You may be thinking, “But I swear I heard Amazon has its own keyword research tool?”  The answer is both yes and no. Although Amazon doesn’t have its own proprietary keyword research tool for organic users, Amazon can give you a suggested keyword list if running Amazon advertising campaigns.
 
However, keep in mind that this tool is limited in that suggestions are only based on product name and category. Perhaps, there are other parameters or criteria for which you would like to assess keyword performance.
 
To get more data points or criteria evaluated, you’ll need to rely on a third-party software solution as your Amazon keyword tool.
 
An Amazon keyword tool can assist you in uncovering the keywords that people are most frequently searching on Amazon (which can be different than Google or Bing search queries). The right tool can help you identify initial opportunities as well as optimize your new and existing campaigns through keyword expansion.
 

Getting Started with Keyword Research and Optimization

It’s definitely not rocket science, but it’s still worth reiterating. Keyword research is extremely important when you’re showcasing a product or several products on Amazon. You can easily maximize your revenue by simply investing the time to do the proper keyword research in your niche, and then tailor your product titles and descriptions around those keywords.
 
What do you do with this keyword research? You can follow the walkthrough below to add your keywords into your Amazon campaign.
 
First, once you know which products you want to sell, choose the “Promote and Advertise” button.
 

You’ll be given the option between a campaign for Sponsored Products or Product Display Ads. 

You’ll be given the option between a campaign for Sponsored Products or Product Display Ads. – image source


 
After you have selected your campaign type, it will allow you to choose your campaign name and daily budget.
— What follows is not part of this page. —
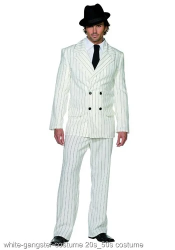 JacketPantsTieBecome the mafia boss with this mens white gangster costume. The striped jacket is made out of 100% polyester and includes shoulder pads to achieve a full, masculine appearance. It uses velcro snaps in the front for easy changing, and includes decorative black buttons along the front. The jacket also includes stylish faux pockets. The included pants are made of 100% polyester which have an elastic band in the waist for added comfort. The pants also contain a back pocket. The black tie fits easily around the neck with an elastic band. Be ready with your Tommy gun because the cops will be on your tail!

You can also choose if you want to run your campaign continuously or within a date range. Lastly, in this next step, you can either choose an automatic campaign or continue with manual targeting, which is what we’ll do here.
 
 
Set your campaign name, budget, and targeting type.

Set your campaign name, budget, and targeting type. – image source


 
After selecting manual targeting, Amazon will spit out a list of suggested keywords and give you an option to “add your own keywords.” This is where you’ll select “add your own keywords” to use the keyword research you’ve found through a third-party Amazon keyword tool.
 
 
Add your own keywords for you Amazon campaign.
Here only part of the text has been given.